Index Wealth Management Newsletter - March 2008

Welcome to this edition of our electronic newsletter. The newsletter is for Index Wealth Management clients, prospective clients and professional connections; it will be posted conventionally for those who do not have or choose not to use electronic communication.

Our content this month are as follows:-

1. News from Australia

Noel is currently in Australia attending the wedding of a friend's son. As well as enjoying the celebrations he has been casting an eye over the economic situation there and reports as follows:-

Australia appears to have been disproportionately affected by the worldwide credit crunch and has seen property values plummet, affecting some very large property trusts, and has also seen its stock market decline to a greater extent than other developed economies. It is interesting to note that the Australian business media carries far more detailed personal investment supplements than is the case in the UK, and more "sophisticated" investors prefer some pretty arcane types of investment.

One of the things that Les and I noticed when we were here two years ago is the huge racing and gambling sections within the daily newspapers; it appears to carry over into the investment world, where investors have been borrowing money secured on shares to speculate wildly on small and unfashionable shares. This has caused the collapse of a large stockbroking firm called "Opes Prime" whose clients include Australia's most famous criminal lawyer, Chris Murphy, who is reported to owe an eye watering $200 million. The fallout is taking a number of these small companies with it as forced sales of its shares are driving prices down.

This appears to be another lesson to those who would speculate on markets using debt that such speculation is usually unsuccessful and the downside can be devastating.

2. Active Managers and Down Markets

A claim made by the advocates of active management is that, while they accept index funds do better while markets are rising, the "skill" of active managers in stockpicking really comes into its own when markets drop. There is of course no evidence that this occurs at all and some recent research from Canada confirms that.

Standard and Poor's, the ratings agency, measure indices in Canada against active funds and in 2007 found that only 24.3% of actively managed Canadian equity funds outperformed the main Canadian index in 2007. Over three years only 13.3% managed to do so and over five years 8.4% of active managers beat the index.

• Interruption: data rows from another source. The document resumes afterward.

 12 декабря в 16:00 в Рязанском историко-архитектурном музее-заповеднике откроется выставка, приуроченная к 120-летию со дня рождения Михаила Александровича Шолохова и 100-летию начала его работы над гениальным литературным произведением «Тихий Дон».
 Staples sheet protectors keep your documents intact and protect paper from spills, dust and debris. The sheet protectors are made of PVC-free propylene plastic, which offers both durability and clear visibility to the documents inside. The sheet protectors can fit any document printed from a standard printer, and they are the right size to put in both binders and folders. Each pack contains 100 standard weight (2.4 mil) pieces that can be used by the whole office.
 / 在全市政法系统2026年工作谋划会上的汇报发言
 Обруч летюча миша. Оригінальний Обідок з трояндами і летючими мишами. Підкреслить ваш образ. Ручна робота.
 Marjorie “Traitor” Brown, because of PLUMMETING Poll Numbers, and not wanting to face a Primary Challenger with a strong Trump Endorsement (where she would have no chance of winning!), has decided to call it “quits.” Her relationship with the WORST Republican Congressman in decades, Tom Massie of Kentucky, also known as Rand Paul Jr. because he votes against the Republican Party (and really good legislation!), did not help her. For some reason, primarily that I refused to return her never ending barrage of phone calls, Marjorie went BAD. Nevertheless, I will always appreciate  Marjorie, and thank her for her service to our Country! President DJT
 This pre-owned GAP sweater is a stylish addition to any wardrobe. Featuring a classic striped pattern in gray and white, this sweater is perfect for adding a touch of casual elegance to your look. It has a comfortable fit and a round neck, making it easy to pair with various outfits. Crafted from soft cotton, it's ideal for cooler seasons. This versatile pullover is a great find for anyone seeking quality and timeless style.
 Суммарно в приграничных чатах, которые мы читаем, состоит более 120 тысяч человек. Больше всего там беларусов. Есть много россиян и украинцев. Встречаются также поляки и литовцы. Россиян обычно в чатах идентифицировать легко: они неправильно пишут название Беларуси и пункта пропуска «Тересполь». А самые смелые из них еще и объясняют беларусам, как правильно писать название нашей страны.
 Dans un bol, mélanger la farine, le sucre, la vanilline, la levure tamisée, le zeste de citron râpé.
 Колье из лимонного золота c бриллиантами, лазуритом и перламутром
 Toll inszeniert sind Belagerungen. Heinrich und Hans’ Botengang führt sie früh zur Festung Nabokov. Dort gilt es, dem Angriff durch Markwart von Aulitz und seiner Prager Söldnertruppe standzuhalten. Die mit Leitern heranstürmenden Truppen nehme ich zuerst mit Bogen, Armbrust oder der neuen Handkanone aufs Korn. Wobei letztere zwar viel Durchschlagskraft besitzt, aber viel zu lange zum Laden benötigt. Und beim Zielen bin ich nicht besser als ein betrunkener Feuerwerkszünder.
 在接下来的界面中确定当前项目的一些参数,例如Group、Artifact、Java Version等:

We ought to feel sorry for them, really, as every time they dream up something plausible the facts turn round and kick them squarely in the teeth.

3. Books We Have Read

This month's selection is, "How Mumbo-Jumbo Conquered the World", by Francis Wheen. This is an interesting book that seeks to expose bluff and bluster and outright bull ….. wherever it can be found. You will not be surprised to hear that it is generally found in politicians and "community leaders". We suspect that, like most of us, you will like the chapters that confirm your own prejudices but may well be able to laugh along with those that do not. By turn both funny and disturbing, it questions whether we are as enlightened as we believe we are and whether globalisation is really new; the answers may surprise you.

The book is available from shops and Amazon but if you have any difficulty finding it simply e-mail nikki@indexwm.co.uk and we will be happy to help.

4. Quotes of the Month

“You can get much further with a kind word and a gun than you can with a kind word alone.”
Al Capone

"The chief danger in life is that you may take too many precautions."